Writing new domains and instances is as easy as writing a few lines of text in a mathematical fashion! The complete and up-to-date syntax of the RDDL language is described here.
Policies#
A policy interacts with an environment by providing actions or controls in each state.
Built-In Policies#
pyRDDLGym provides two simple policies, which are all instances of pyRDDLGym.core.policy.BaseAgent:
NoOpAgentreturns the default action values specified in the RDDL domain.RandomAgentsamples a random action according to theenv.action_spaceand themax-nondef-actions.

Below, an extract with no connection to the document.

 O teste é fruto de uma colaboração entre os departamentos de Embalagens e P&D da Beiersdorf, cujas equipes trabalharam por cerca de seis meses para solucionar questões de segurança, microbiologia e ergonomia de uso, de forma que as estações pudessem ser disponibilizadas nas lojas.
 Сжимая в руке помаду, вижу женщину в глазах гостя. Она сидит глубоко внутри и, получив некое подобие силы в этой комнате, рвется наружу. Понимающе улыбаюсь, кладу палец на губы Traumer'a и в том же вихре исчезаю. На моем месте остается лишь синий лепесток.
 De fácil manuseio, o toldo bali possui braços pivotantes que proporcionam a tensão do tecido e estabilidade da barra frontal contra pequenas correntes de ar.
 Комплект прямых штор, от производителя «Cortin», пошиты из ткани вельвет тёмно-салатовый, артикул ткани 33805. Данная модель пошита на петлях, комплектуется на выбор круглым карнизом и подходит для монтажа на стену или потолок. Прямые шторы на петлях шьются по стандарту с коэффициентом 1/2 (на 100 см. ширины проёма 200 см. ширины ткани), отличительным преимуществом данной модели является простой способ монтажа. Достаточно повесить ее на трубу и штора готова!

For example, to initialize a random policy:
from pyRDDLGym.core.policy import RandomAgent
agent = RandomAgent(action_space=env.action_space, num_actions=env.max_allowed_actions)
All policies must implement a sample_action() function for sampling an action in each state:
action = agent.sample_action(state)
Note
Random policies respect only box constraints, due to limitations in Gym.

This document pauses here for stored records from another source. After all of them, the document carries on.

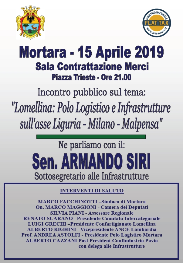 Di infrastrutture si parlerà anche in occasione dell’incontro “Lomellina: Polo Logistico e Infrastrutture sull’asse Liguria – Milano – Malpensa”. L’appuntamento è per lunedì 15 aprile dalle ore 21 in Sala Contrattazione Merci a Mortara con il sottosegretario alle Infrastrutture Armando Siri, Marco Facchinotti (sindaco di Mortara), Marco Maggioni (deputato), Silvia Piani (assessore regionale), Luigi Grechi (presidente di Confartigianato Imprese Lomellina), Renato Scarano (presidente Ascom Vigevano), Alberto Righini (vicepresidente Ance Lombardia e Alberto Cazzani (past president Confindustria Pavia con delega alle Infrastrutture).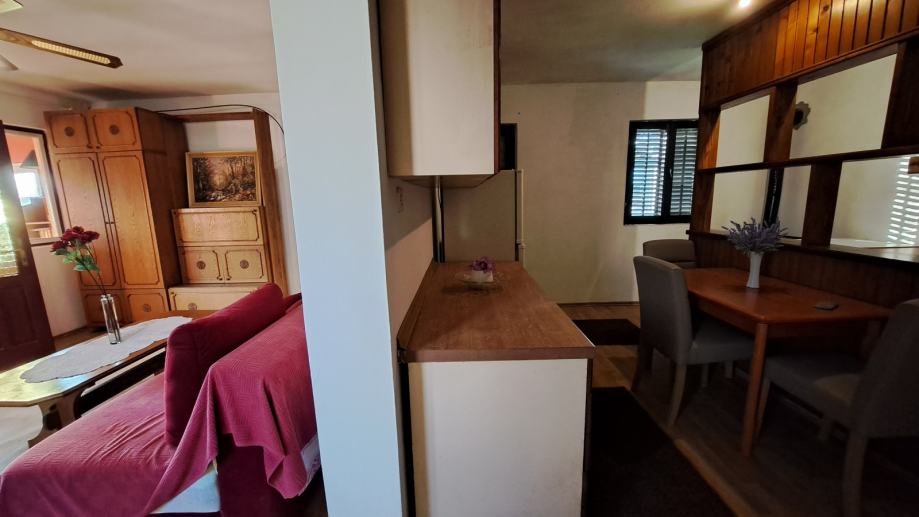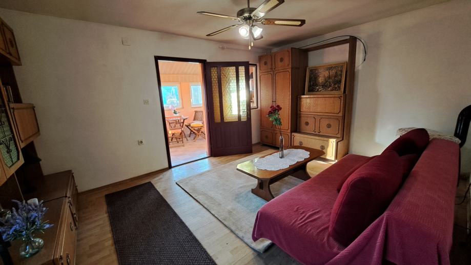 U prizemlju vikendice nalaze se prekrasna, svijetla, zatvorena terasa (PVC stolarija), dnevni boravak, blagavaonica i kuhinja sa šankom, kupaonica sa tuš kabinom i odvojeni sanitarni čvor te stepenište za potkrovlje.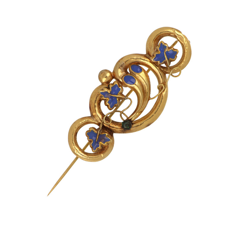 Spilla in oro giallo a canna vuota raffigurante un tralcio di edera con smalti bluette.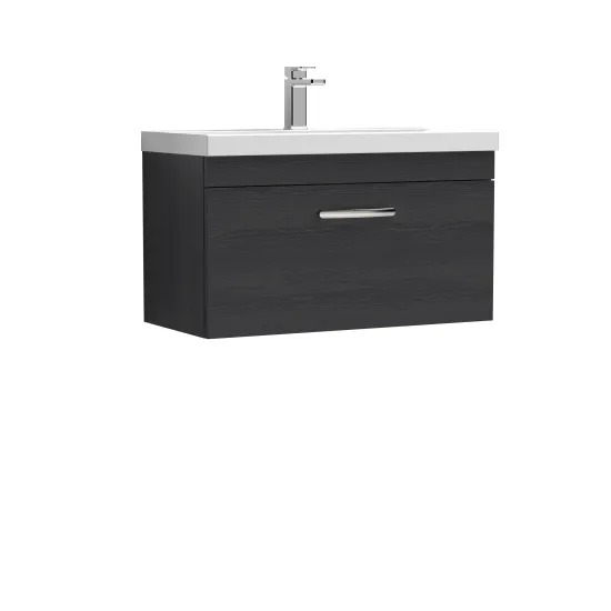 nuie Athena Wall Hung Single Drawer Vanity With Mid-Edge 1 Tap Hole Ceramic Basin 800mm - Hacienda Black
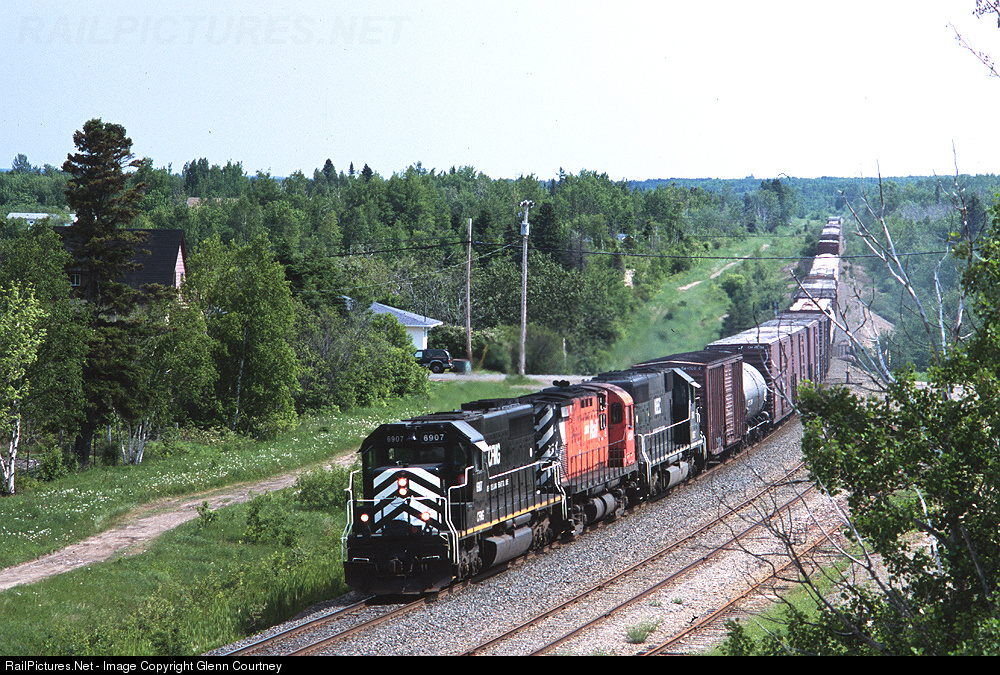 | New Brunswick East Coast train #403 on the return leg of its daily turn from Campbellton to Miramachi rolls through Beresford, under Acadia St. At this time chasing #403 required full use of the speed limit on Highway 11 and only resulted in a few shots between Bathurst and Campbellton. |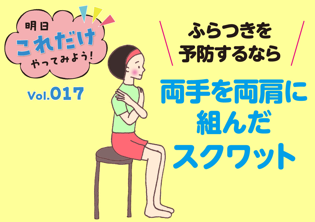 両手を両肩に組んだでスクワットで太ももの筋肉を鍛えて、ふらつきにくい身体にしましょう!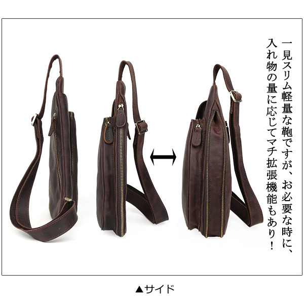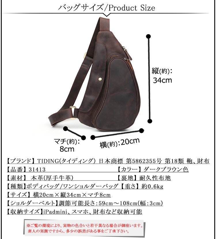 TIDING マチ拡張 本革 メンズ ワンショルダーバッグ ボディバッグ 厚手牛革 プルアップレザー 経年変化 iPadmini対応 自転車鞄 潮牛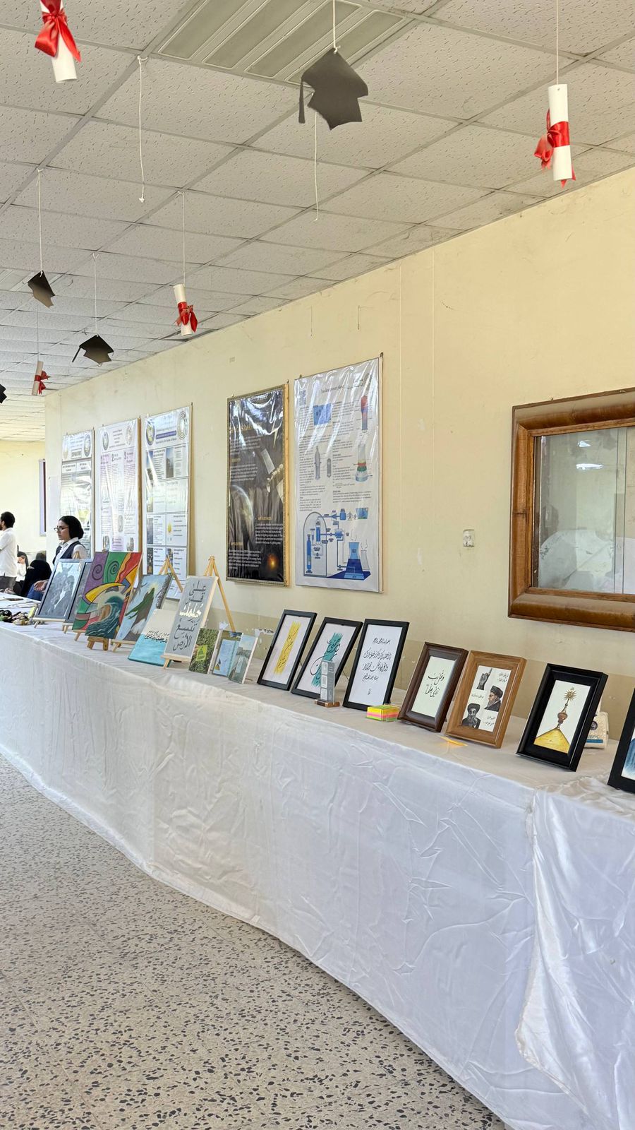 The exhibition took place in the halls of the Chemical Engineering Department, featuring the work of a select group of talented students and visual artists in the fields of painting, Arabic calligraphy, and various other art forms. The exhibition was attended by a number of professors and students who praised the quality of the exhibited works and the creative ideas and visions they conveyed, reflecting the students' talents and passion for art.

To handle arbitrary nonlinear constraints, implement a custom BaseAgent
with its own sample_action() function.
Custom Policies#
To implement your own custom policy, inherit from pyRDDLGym.core.policy.BaseAgent:
from pyRDDLGym.core.policy import BaseAgent
class CustomAgent(BaseAgent):
def sample_action(self, state):
# here goes the code that returns the current action
...
Interacting with an Environment#
Interaction with an environment is done by calling env.step(action)

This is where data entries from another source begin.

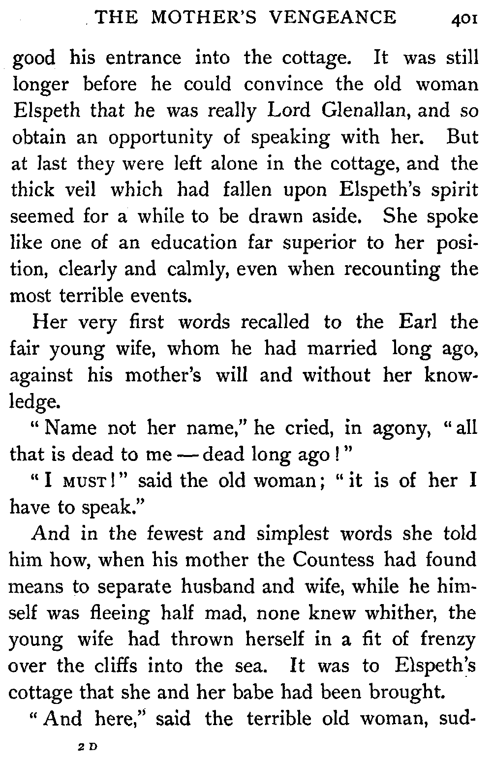 It was some time before the Earl could make[401] good his entrance into the cottage. It was still longer before he could convince the old woman Elspeth that he was really Lord Glenallan, and so obtain an opportunity of speaking with her. But at last they were left alone in the cottage, and the thick veil which had fallen upon Elspeth's spirit seemed for a while to be drawn aside. She spoke like one of an education far superior to her position, clearly and calmly, even when recounting the most terrible events.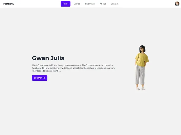 Portflow is a portfolio web template that is built with TailwindCSS and DaisyUI. It provides page layouts for a simple Article or Blog UI and is not intended for production use. The template includes features such as a home page, stories page, showcase page, about page, and contact page. To run the project, clone the repository and open it in an editor like Visual Studio Code.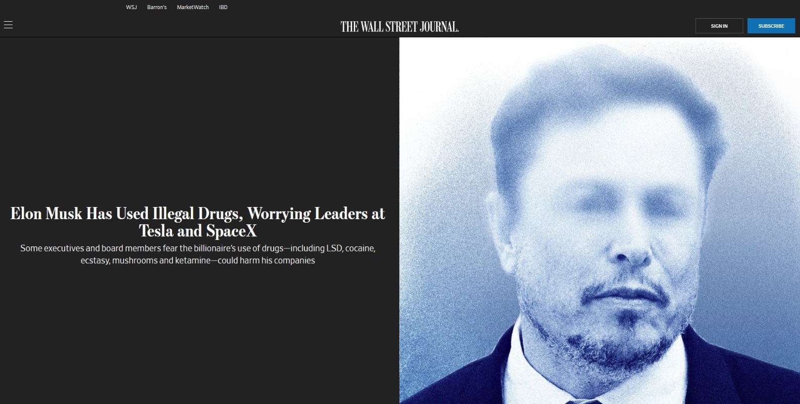 《華爾街日報》報道截圖 據中國新聞網引述《華爾街日報》報道,目睹馬斯克吸毒的人士和其他知情人士稱,馬斯克經常在世界各地的私人聚會上使用致幻劑、可卡因、搖頭丸等毒品。在這些聚會上,參加者必須簽署保密協議或不帶手機才能進入。據稱,馬斯克此前還曾在公共場合吸過大麻,并表示他有類似迷幻劑氯胺酮的處方。 知情人士稱,多年來,特斯拉的一些董事會成員一直在談論他們對馬斯克涉嫌吸毒的擔憂。據稱,特斯拉前董事琳達·約翰遜·賴斯(Linda Johnson Rice)對馬斯克反複無常的行為感到非常沮喪,并對他吸毒感到擔憂,因此她沒有競選連任2019年公司董事會。 據熟悉馬斯克和這些公司的人士透露,馬斯克吸毒不僅可能對他的健康產生重大影響,還會對他所監管的六家公司和數十億資產產生重大影響。 報道指出,馬斯克使用非法藥物可能違反美國聯邦政策,可能危及SpaceX數十億美元的政府合同,也可能會讓投資者持有的約1萬億美元資產、數以萬計的就業機會以及其公司與美國政府合作的太空計劃面臨風險。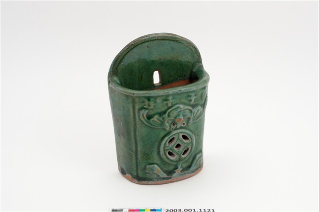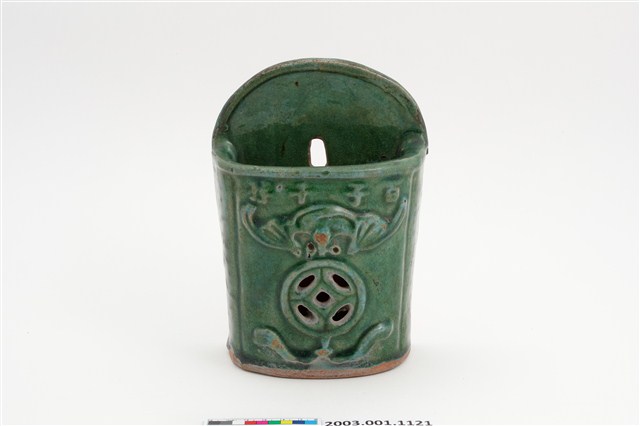 2003.001.1121 綠釉半橢圓形百子千孫筷筒
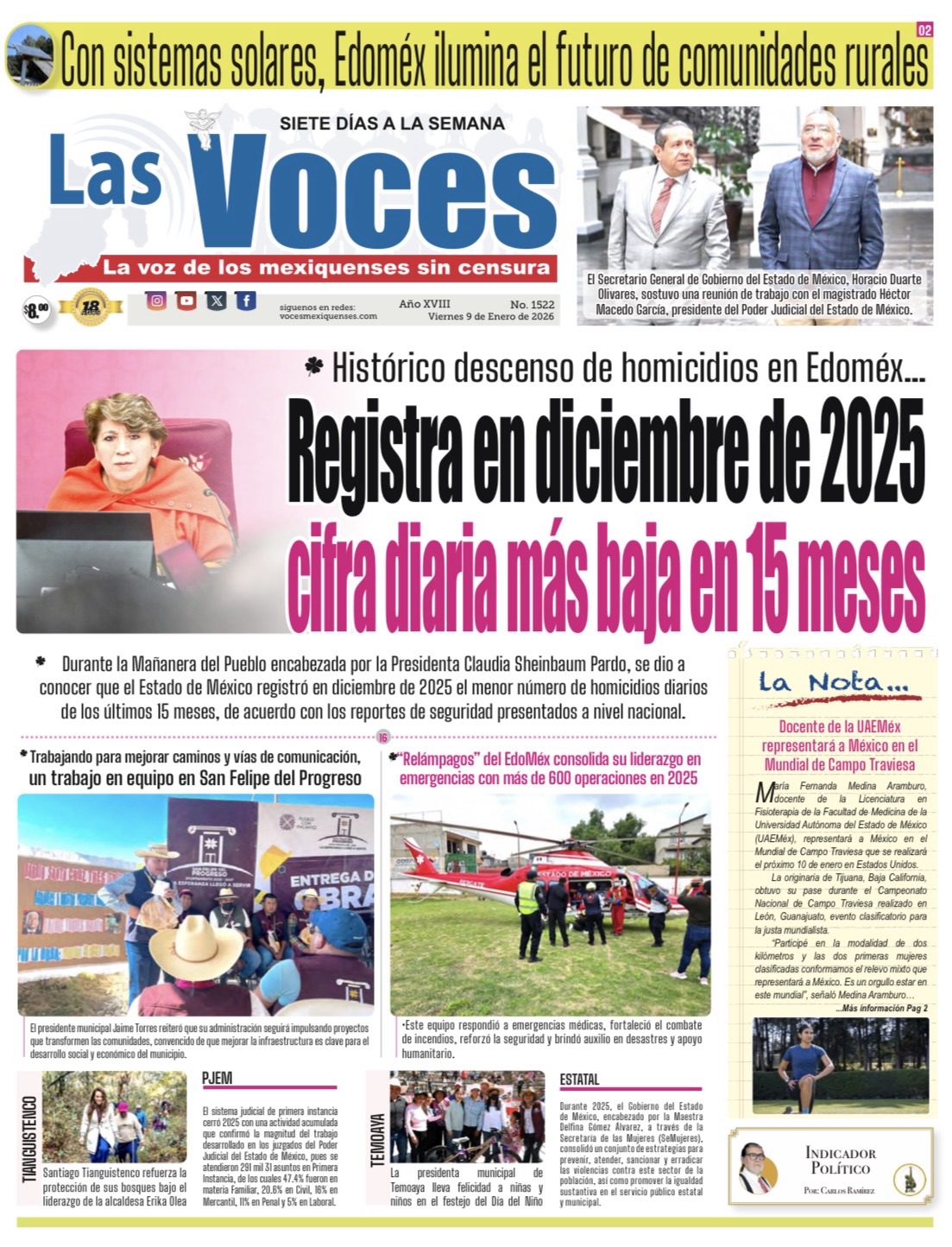 conocer que el Estado de México registró en diciembre de 2025 el menor número de homicidios diarios de los últimos 15 meses, de acuerdo con los reportes de seguridad presentados a nivel nacional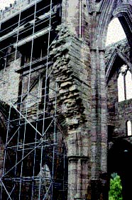 | Tintern Abbey: Frank Baines, Architect in charge of Ancient Monuments and Historic Buildings, specified in 1911 that no cement was to be used on the face of the masonry, and that Blue Lias, Aberthaw or Arden Lime (moderately to eminently hydraulic limes) were to be used exclusively in the consolidation of wall tops and facework. |

and env.reset(), just like regular Gym/Gymnasium.
Reading and Passing Fluents#
All fluent values are passed and received as Python dict objects,
whose keys are valid fluent names as defined in the RDDL domain description.
The structure of the keys for parameterized fluents deserves attention, since the keys
need to specify not only the fluent name, but also the objects assigned to their parameters.
In pyRDDLGym, the fluent name must be followed by ___ (3 underscores), then the
list of objects separated by __ (2 underscores). To illustrate, for the fluent
put-out(?x, ?y), the required key for objects (x1, y1) is put-out___x1__y1.
Another option is to pass a dict whose keys are lifted fluent names, i.e. put-out, in which
case the values must be numpy arrays (of the necessary shape and dtype).
Note
When passing an action dictionary to a RDDLEnv,
any missing key-value pairs in the dictionary will be assigned the default (or no-op) values
as specified in the RDDL domain description.
Interaction Loop#
We now show what a complete agent-environment loop looks like in pyRDDLGym.
The example below will run the CartPole_Continuous_gym environment for a single episode,
rendering the state to the screen in real time:
import pyRDDLGym
from pyRDDLGym.core.policy import RandomAgent
# set up the Mars Rover instance 0
env = pyRDDLGym.make("CartPole_Continuous_gym", "0")
# set up a random policy
agent = RandomAgent(action_space=env.action_space, num_actions=env.max_allowed_actions)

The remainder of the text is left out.